Um trabalho publicado em maio no periódico científico BMJ Medicine levantou uma discussão sobre o consumo de suplementos de ômega-3 na proteção cardiovascular. Entre os achados, observou-se o elo entre o exagero nas doses de suplementação e o risco aumentado de fibrilação atrial – um tipo de arritmia cardíaca que pode desencadear o acidente vascular cerebral (AVC), conhecido popularmente como derrame.
Tal resultado foi atrelado aos participantes saudáveis. Já nos pacientes com doenças cardiovasculares, a ingestão regular das cápsulas de óleo de peixe mostrou uma ação protetora. Ou seja, houve uma discrepância nos impactos ao organismo de acordo com os perfis.
Para chegar a essas conclusões, pesquisadores de universidades da China, da Europa e dos Estados Unidos analisaram dados de mais de 415 mil adultos, por 12 anos, vindos do UK Biobank– um estudo britânico que avalia as condições de saúde de meio milhão de voluntários. Os cientistas, no entanto, enfatizaram que se trata de um estudo observacional, isto é, que não estabelece uma relação de causa e efeito.
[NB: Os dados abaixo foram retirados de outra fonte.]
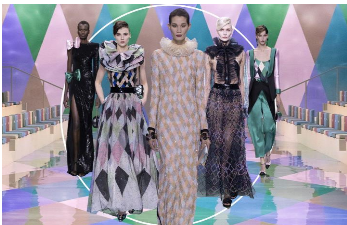
Εικόνα 3

Πέρα από τον απλό φωτογράφο, υπάρχει και ο πιο εξειδικευμένος φωτογράφος μόδας, ο οποίος ειδικεύεται στην φωτογράφιση ρούχων, αξεσουάρ, κοσμημάτων πάνω σε κάποιον άνθρωπο, συνήθως μοντέλο. Ένας φωτογράφος μόδας, χρησιμοποιεί συγκεκριμένες τεχνικές γνώσεις και υλικά για να φωτογραφίζει το αντικείμενο. Μέσα από τον τρόπο που θα φωτίσει το θέμα του, είτε με φυσικό, είτε με τεχνητό φως, δηλαδή flash studio ή led φώτα, την επιλογή ενός φόντου ( background), το χρώμα, την υφή του, το υλικό κατασκευής του, τον όγκο του, όπως επίσης, τη στάση του σώματος (πόζα) και την ομάδα ανθρώπων που επιλέγει, θα δημιουργήσει μια ιστορία που θα συνεπάρει τον αποδέκτη. Σκοπός του είναι να τον κάνει να δει ταυτόχρονα και το προϊόν μεμονωμένα αλλά πολλές φορές και το μήνυμα που κρύβει μέσα της μια εικόνα. Μερικοί από τους πιο διάσημους φωτογράφους μόδας που άσκησαν μεγάλη επίδραση, είναι οι Mario Testino, Steven Meisel, David LaChapelle, William Klein, Tim Walker, Richard Avedon, Irving Penn, Helmut Newton, Paolo Roversi, Peter Lindbergh, Tassos Vrettos, Nikos Papadopoulos, Panos Giannakopoulos, Dimitris Skoulos, Giorgos Malekakis. Οι δύο φωτογράφοι ωστόσο που άσκησαν την κυριότερη επίδραση στην παρούσα εργασία είναι η Mara Desipris και η Annie Leibovitz.

Eles salientaram ainda que há a necessidade de novas investigações antes de condenar a substância, conhecida justamente por agir em prol da saúde cardiovascular.
O nutrólogo Celso Cukier, do Hospital Israelita Albert Einstein, também levanta algumas questões sobre o trabalho. “Não há a especificação sobre as dosagens consumidas pelos participantes e nenhuma distinção das quantidades de EPA e DHA”, observa.
Essas siglas se referem aos tipos de ômega mais investigados pela ciência e que compõem os suplementos de óleo de peixe. Enquanto o ácido eicosapentaenoico (EPA) está envolvido com a blindagem das artérias, o ácido docosahexaenoico, (DHA) aparece em estudos por zelar pela saúde do cérebro. Há evidências, inclusive, de que o DHA atua na diminuição do risco de Alzheimer e da ansiedade. Ambos teriam ainda ação anti-inflamatória. “Mas as pesquisas são frágeis. Existe a necessidade de mais estudos antes de atestar todos os benefícios”, afirma o especialista.
Peixes de águas frias
A fama do ômega-3, que é uma gordura, ou, como preferem os especialistas, um ácido graxo da família dos poli-insaturados, começou lá nos anos de 1980. “Durante uma expedição à Groenlândia, um médico dinamarquês, Jørn Dyerberg, observou que a população local apresentava menos doenças cardiovasculares e atribuiu o fato ao alto consumo de pescados”, conta Cukier.
O salmão e o atum acumulam essa categoria de gordura, que é mais líquida, se comparada às outras. Esses peixes não poderiam concentrar versões mais consistentes – como as saturadas –, pois congelariam facilmente nas águas profundas e gélidas de seu habitat.
A sardinha também contém a substância, embora nade em águas bem menos frias. A explicação teria a ver com o seu comportamento migratório e a necessidade aumentada de energia para se locomover.
Aos veganos, as sementes de chia e linhaça oferecem outro tipo de ômega, o ácido alfa-linolênico (ALA), que é convertido no nosso organismo, pela ação de enzimas, em EPA e DHA.
Cukier recomenda apostar na alimentação para obter a substância. “Aliás, o estudo também não revela o estilo de vida dos participantes, o que pode influenciar diretamente os resultados e na associação com a fibrilação”, aponta.
Afinal, se o hábito de fumar, o sedentarismo e o consumo exagerado de álcool são forem parte do cotidiano de alguém, nenhuma cápsula terá o poder de proteger o coração, explica o especialista do Einstein.
Mesmo para quem tem hábitos saudáveis, não se aconselha engolir suplementos sem o aval médico ou de um nutricionista. “Ao contrário do que muita gente imagina, fazer uso de suplementação por conta própria pode trazer malefícios à saúde”, avisa o nutrólogo.
Somente a partir de exames e da análise do perfil de cada um é que serão determinadas as dosagens e a real necessidade de tomar ômega-3 ou qualquer outro suplemento.